I am looking to reduce my protein and then remove the DTT quickly using a desalting spin column for subsequent reactions. Does anyone know how long the disulfide bond will remain reduced?
It depends on each specific protein conformation, the number of disulphide bonds in the protein, the composition of the buffer it is dissolved in, the presence or absence of any detergents that might change the conformation of your protein, any reagents like urea or Guanidine-HCl, and the pH of the buffer. You can reduce the disulphide bonds with high concentration of the reducing agent (like 100 mM DTT) and then remove the excess of DTT by desalting spin column in the buffer containing freshly prepared 0.5 - 1.0 mM DTT at pH about 7.4. If your buffer has physiological pH and no other influencing reagents as above, you can be sure that all your Cys residues will remain in reduced conditions for at least about 2 hours.
If your goal is to reduce the disulfide bond in order to react the cysteine residues with something, you may wish to consider using TCEP instead of DTT. TCEP is compatible with maleimide chemistry, so you can reduce the disulfide and react the cysteines with a maleimide without removing the TCEP.
Thanks for the info Viktor Y Butnev and Adam B Shapiro. I was also considering TCEP but I absolutely need to remove it and learned that they sell TCEP immobilized beads.
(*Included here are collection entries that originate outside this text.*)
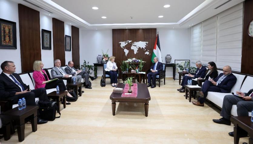 وبحث اشتية مع الوفد آخر المستجدات، والأوضاع التي تشهدها الأراضي الفلسطينية نتيجة تصعيد إسرائيل إجراءاتها وانتهاكاتها حق شعبنا ومقدساته.
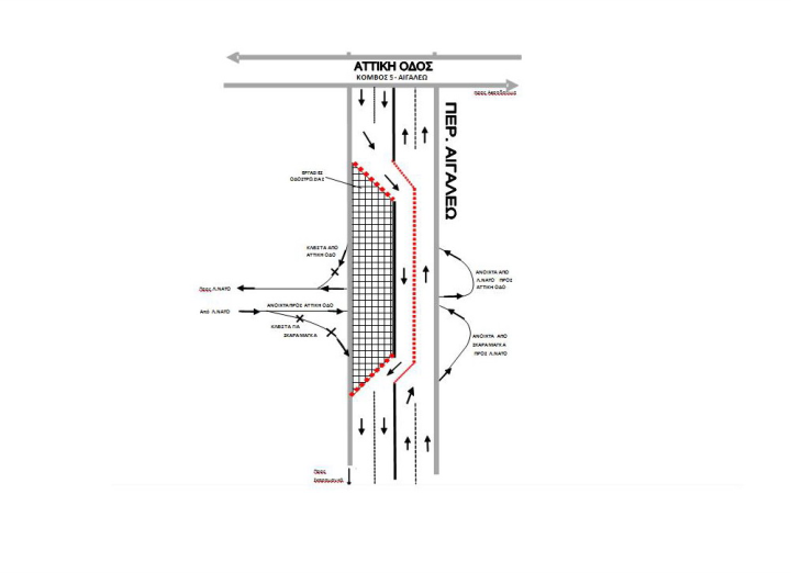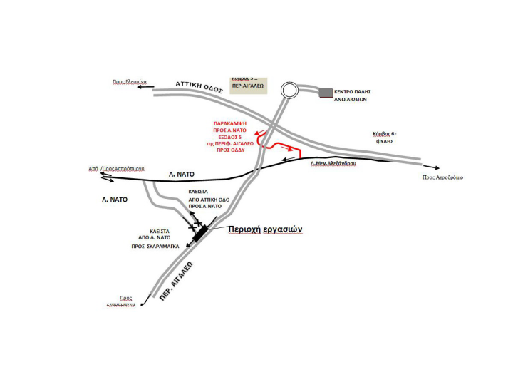 Από Αττική Οδό προς Λ. ΝΑΤΟ: Μετά την είσοδο στην Περιφ. Αιγάλεω τα οχήματα εξέρχονται στην Έξοδο 5 προς ΟΔΔΥ και, ακολουθώντας πληροφοριακή σήμανση που θα τοποθετηθεί, θα καταλήγουν στη Λ. ΝΑΤΟ. Η Έξοδος 5Α της Περιφ. Αιγάλεω προς Λ.ΝΑΤΟ θα παραμείνει κλειστή για όλο το διάστημα των εργασιών.
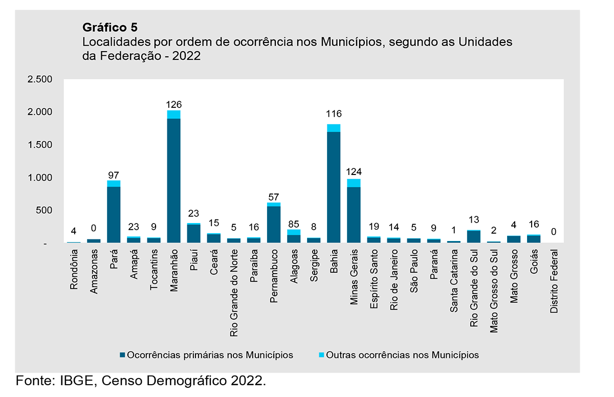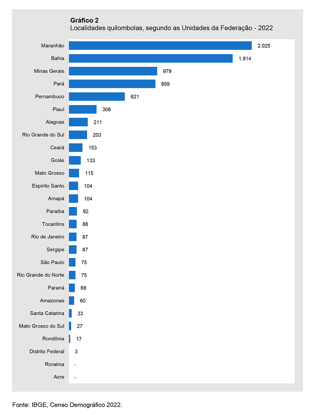 Segundo o ‘Censo Demográfico 2022: Localidades Quilombolas’, publicado pelo Instituto Brasileiro de Geografia e Estatística (IBGE), existiam 8.441 localidades quilombolas no território brasileiro, associadas a 7.666 comunidades quilombolas. A Região Nordeste possui o maior quantitativo de localidades identificadas, com 5.386 (63,81%) ocorrências, enquanto o Maranhão é o estado com o maior número, com 2.025 localidades (23,99%).

Assuming room temp and PBS buffer, I am hoping Cys will stay reduced for at least an hour after removing the TCEP.
Keep in mind the solubility of your reduced protein at acidic conditions and the pKa of the thiols of proteinyl cysteines. Once the protein is reduced at ~pH8.5 then by lowering the pH to acidic conditions you protonate the sulfur atom so that electrons are not completely free for covalent bond formation and the oxidation rate drops tremendously; a way to stabilize the situation you're describing and then to process further. by re-adjusting the pH when needed. Is your reduced protein soluble ~pH 4.5?
Thanks for the info @Grant Shimamoto. My protein is not stable at pH 4.5. I would like to keep it at pH 7.4 after removing the TCEP. Were you thinking along the lines of buffer exchanging out the PBS after TCEP treatment for a low pH buffer to keep it resistant to oxidation for a little longer?
And one downside of TCEP that it's not very stable in phosphate buffers, especially at neutral pH, which is exactly what I have here. I don't have to use this combo of buffer and pH but prefer to keep conditions close to physiological
The assumption was that you were still going to use the spin columns and soluble reducing agent. So after the reduction with whichever reagent you select the idea is to equilibrate the spin column in vacuum/helium purged buffer that's in the acidic pH range, maybe pH ~5.5 to ~7 if you want to be closer to physiological (The protein is already denatured if the disulfides are broken and many commercial proteins are liquid-formulated at pH 5 for stability.) The eluate can then be stored under vacuum (don't purge due to foaming denaturation/shear) until you're ready for the next reaction with pH re-adjustment. I doubt you'll have any oxidation This works for caspase 3 after the DTT is removed and is stable for days at 5C; even more, it works for the cleavage reaction as well when undesirable traces of DTT can reduce the cleavable target protein that has labile disulfides. Immediately after the spin column you might check your product with Ellman's reagent and then check again just before the next reaction if you want to get really analytical about disulfide re-formation. Also check with RP-HPLC. If checking with SDS-PAGE non-reducing be sure you include NEM or IAA in the sample loading buffer to prevent in situ re-oxidation.
Solid phase phosphines is convenient but be sure there is no loss in SN2 reducing efficiency and no re-oxidation during the reaction time course (maybe 1 hr at 25C, might need chaotropes) at your protein concentration. Be cautious of side reactions: Journal of the American Society for Mass Spectrometry, Volume 21, Issue 5, May 2010, pg 837–844. If you proceed with cysteine stabilization through pH post reduction, you probably would forego spin columns but instead use a buffer system of MES or Bis-Tris for your entire procedure because it would allow pH readjustment in the relevant range. Phosphines have a broad working pH range due to utilization of water rather than thiols. Another possible approach would be sulfitolysis and then use your spin column afterwards. The sulfhydryl adduction is highly reversible once you're ready for the next reaction.
It might be tricky to get the TCEP concentration just right. Another approach is to use immobilized TCEP, which can be removed after the reduction step:
Still another way is to use dithiothreitol, then after the reduction is done, add N-ethylmaleimide in slight molar excess over thiols to consume the remaining thiol groups.